◆ **RECORDED DATA**:

┌──

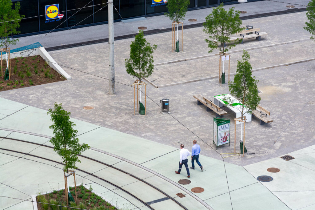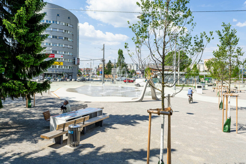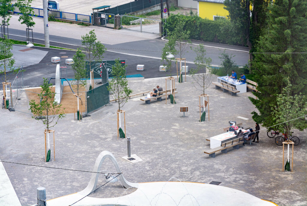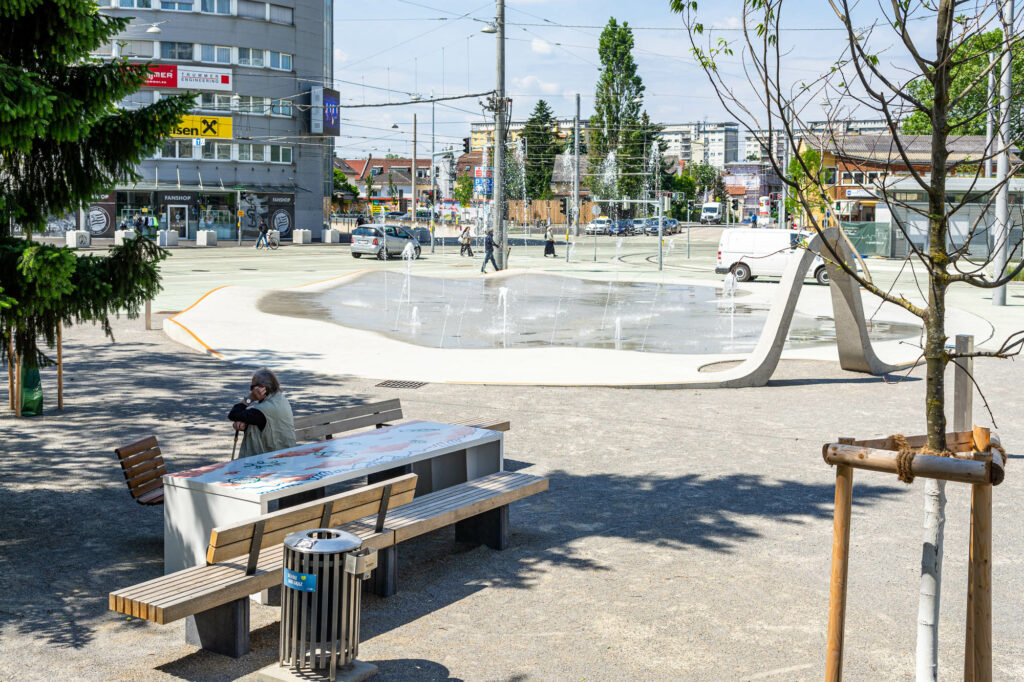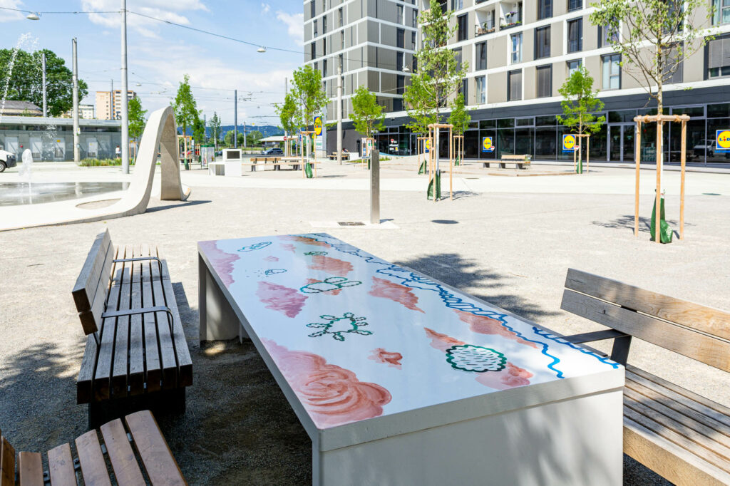 Das Stadtteilzentrum, die Architekturvermittlerin Maria Fanta, die Künstlerin Nicole Pruckermayr und das Kinderbüro – Die Lobby für Menschen bis 14 arbeiten im Vorfeld mit den Kindern. Die Zeichnungen, die sich schlussendlich in den Platz einschreiben, werden von den Kunstschaffenden Johanna Regger, Isa Riedl, Edda Strobl und studio ASYNCHROME gemeinsam mit Kindern der Volksschule Schönau erarbeitet.
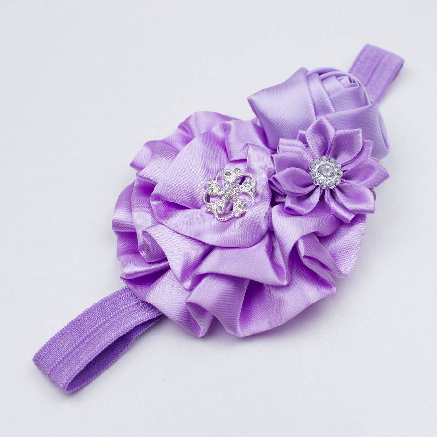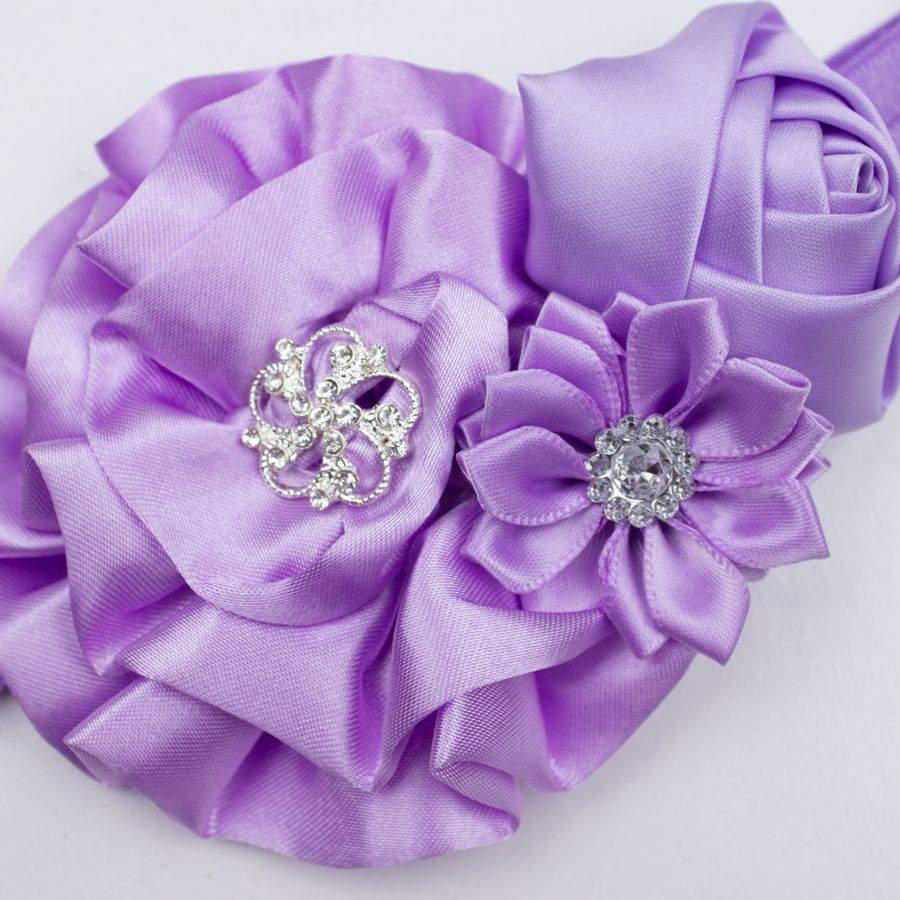 - Lief haarbandje met drie lila bloemen bloemen op een lila haarbandje.
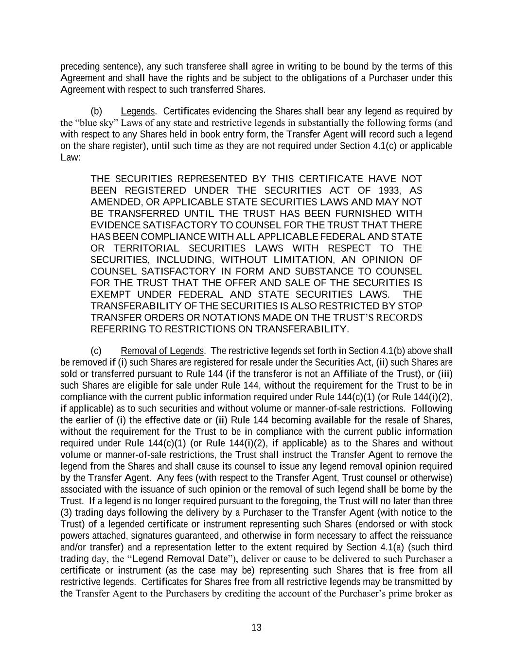 13 preceding sentence), any such transferee shall agree in writing to be bound by the terms of this Agreement and shall have the rights and be subject to the obligations of a Purchaser under this Agreement with respect to such transferred Shares. (b) Legends. Certificates evidencing the Shares shall bear any legend as required by the “blue sky” Laws of any state and restrictive legends in substantially the following forms (and with respect to any Shares held in book entry form, the Transfer Agent will record such a legend on the share register), until such time as they are not required under Section 4.1(c) or applicable Law: THE SECURITIES REPRESENTED BY THIS CERTIFICATE HAVE NOT BEEN REGISTERED UNDER THE SECURITIES ACT OF 1933, AS AMENDED, OR APPLICABLE STATE SECURITIES LAWS AND MAY NOT BE TRANSFERRED UNTIL THE TRUST HAS BEEN FURNISHED WITH EVIDENCE SATISFACTORY TO COUNSEL FOR THE TRUST THAT THERE HAS BEEN COMPLIANCE WITH ALL APPLICABLE FEDERAL AND STATE OR TERRITORIAL SECURITIES LAWS WITH RESPECT TO THE SECURITIES, INCLUDING, WITHOUT LIMITATION, AN OPINION OF COUNSEL SATISFACTORY IN FORM AND SUBSTANCE TO COUNSEL FOR THE TRUST THAT THE OFFER AND SALE OF THE SECURITIES IS EXEMPT UNDER FEDERAL AND STATE SECURITIES LAWS. THE TRANSFERABILITY OF THE SECURITIES IS ALSO RESTRICTED BY STOP TRANSFER ORDERS OR NOTATIONS MADE ON THE TRUST’S RECORDS REFERRING TO RESTRICTIONS ON TRANSFERABILITY. (c) Removal of Legends. The restrictive legends set forth in Section 4.1(b) above shall be removed if (i) such Shares are registered for resale under the Securities Act, (ii) such Shares are sold or transferred pursuant to Rule 144 (if the transferor is not an Affiliate of the Trust), or (iii) such Shares are eligible for sale under Rule 144, without the requirement for the Trust to be in compliance with the current public information required under Rule 144(c)(1) (or Rule 144(i)(2), if applicable) as to such securities and without volume or manner-of-sale restrictions. Following the earlier of (i) the effective date or (ii) Rule 144 becoming available for the resale of Shares, without the requirement for the Trust to be in compliance with the current public information required under Rule 144(c)(1) (or Rule 144(i)(2), if applicable) as to the Shares and without volume or manner-of-sale restrictions, the Trust shall instruct the Transfer Agent to remove the legend from the Shares and shall cause its counsel to issue any legend removal opinion required by the Transfer Agent. Any fees (with respect to the Transfer Agent, Trust counsel or otherwise) associated with the issuance of such opinion or the removal of such legend shall be borne by the Trust. If a legend is no longer required pursuant to the foregoing, the Trust will no later than three (3) trading days following the delivery by a Purchaser to the Transfer Agent (with notice to the Trust) of a legended certificate or instrument representing such Shares (endorsed or with stock powers attached, signatures guaranteed, and otherwise in form necessary to affect the reissuance and/or transfer) and a representation letter to the extent required by Section 4.1(a) (such third trading day, the “Legend Removal Date”), deliver or cause to be delivered to such Purchaser a certificate or instrument (as the case may be) representing such Shares that is free from all restrictive legends. Certificates for Shares free from all restrictive legends may be transmitted by the Transfer Agent to the Purchasers by crediting the account of the Purchaser’s prime broker as
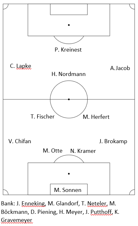 Im bewährten 4-2-3-1 wollten wir von Beginn an mit Aggressivität überzeugen, hohe Ballgewinne erzielen und anschließend schnell auf Angriff umschalten. Und dieser Plan sollte in Hälfte eins voll aufgehen. Alle waren direkt voll im Spiel, brachten Lautstärke auf den Platz und unterstützten sich in jeder Situation. Defensiv brannte überhaupt nichts an, weil nach einem verlorenen Zweikampf direkt nachgesetzt wurde und der jeweils nächste Mitspieler umgehend schaltete und den Ballführenden unter Druck setzte. Im Spiel nach vorne agierten wir zielstrebig und gaben so der Dammer Defensive permanente Beschäftigung.

└──

◆ **PROBLEM TO SOLVE**:
Reproduce the lines above exactly, image-free.

◆ **THE ANSWER**:
 Das Stadtteilzentrum, die Architekturvermittlerin Maria Fanta, die Künstlerin Nicole Pruckermayr und das Kinderbüro – Die Lobby für Menschen bis 14 arbeiten im Vorfeld mit den Kindern. Die Zeichnungen, die sich schlussendlich in den Platz einschreiben, werden von den Kunstschaffenden Johanna Regger, Isa Riedl, Edda Strobl und studio ASYNCHROME gemeinsam mit Kindern der Volksschule Schönau erarbeitet.
 - Lief haarbandje met drie lila bloemen bloemen op een lila haarbandje.
 13 preceding sentence), any such transferee shall agree in writing to be bound by the terms of this Agreement and shall have the rights and be subject to the obligations of a Purchaser under this Agreement with respect to such transferred Shares. (b) Legends. Certificates evidencing the Shares shall bear any legend as required by the “blue sky” Laws of any state and restrictive legends in substantially the following forms (and with respect to any Shares held in book entry form, the Transfer Agent will record such a legend on the share register), until such time as they are not required under Section 4.1(c) or applicable Law: THE SECURITIES REPRESENTED BY THIS CERTIFICATE HAVE NOT BEEN REGISTERED UNDER THE SECURITIES ACT OF 1933, AS AMENDED, OR APPLICABLE STATE SECURITIES LAWS AND MAY NOT BE TRANSFERRED UNTIL THE TRUST HAS BEEN FURNISHED WITH EVIDENCE SATISFACTORY TO COUNSEL FOR THE TRUST THAT THERE HAS BEEN COMPLIANCE WITH ALL APPLICABLE FEDERAL AND STATE OR TERRITORIAL SECURITIES LAWS WITH RESPECT TO THE SECURITIES, INCLUDING, WITHOUT LIMITATION, AN OPINION OF COUNSEL SATISFACTORY IN FORM AND SUBSTANCE TO COUNSEL FOR THE TRUST THAT THE OFFER AND SALE OF THE SECURITIES IS EXEMPT UNDER FEDERAL AND STATE SECURITIES LAWS. THE TRANSFERABILITY OF THE SECURITIES IS ALSO RESTRICTED BY STOP TRANSFER ORDERS OR NOTATIONS MADE ON THE TRUST’S RECORDS REFERRING TO RESTRICTIONS ON TRANSFERABILITY. (c) Removal of Legends. The restrictive legends set forth in Section 4.1(b) above shall be removed if (i) such Shares are registered for resale under the Securities Act, (ii) such Shares are sold or transferred pursuant to Rule 144 (if the transferor is not an Affiliate of the Trust), or (iii) such Shares are eligible for sale under Rule 144, without the requirement for the Trust to be in compliance with the current public information required under Rule 144(c)(1) (or Rule 144(i)(2), if applicable) as to such securities and without volume or manner-of-sale restrictions. Following the earlier of (i) the effective date or (ii) Rule 144 becoming available for the resale of Shares, without the requirement for the Trust to be in compliance with the current public information required under Rule 144(c)(1) (or Rule 144(i)(2), if applicable) as to the Shares and without volume or manner-of-sale restrictions, the Trust shall instruct the Transfer Agent to remove the legend from the Shares and shall cause its counsel to issue any legend removal opinion required by the Transfer Agent. Any fees (with respect to the Transfer Agent, Trust counsel or otherwise) associated with the issuance of such opinion or the removal of such legend shall be borne by the Trust. If a legend is no longer required pursuant to the foregoing, the Trust will no later than three (3) trading days following the delivery by a Purchaser to the Transfer Agent (with notice to the Trust) of a legended certificate or instrument representing such Shares (endorsed or with stock powers attached, signatures guaranteed, and otherwise in form necessary to affect the reissuance and/or transfer) and a representation letter to the extent required by Section 4.1(a) (such third trading day, the “Legend Removal Date”), deliver or cause to be delivered to such Purchaser a certificate or instrument (as the case may be) representing such Shares that is free from all restrictive legends. Certificates for Shares free from all restrictive legends may be transmitted by the Transfer Agent to the Purchasers by crediting the account of the Purchaser’s prime broker as
 Im bewährten 4-2-3-1 wollten wir von Beginn an mit Aggressivität überzeugen, hohe Ballgewinne erzielen und anschließend schnell auf Angriff umschalten. Und dieser Plan sollte in Hälfte eins voll aufgehen. Alle waren direkt voll im Spiel, brachten Lautstärke auf den Platz und unterstützten sich in jeder Situation. Defensiv brannte überhaupt nichts an, weil nach einem verlorenen Zweikampf direkt nachgesetzt wurde und der jeweils nächste Mitspieler umgehend schaltete und den Ballführenden unter Druck setzte. Im Spiel nach vorne agierten wir zielstrebig und gaben so der Dammer Defensive permanente Beschäftigung.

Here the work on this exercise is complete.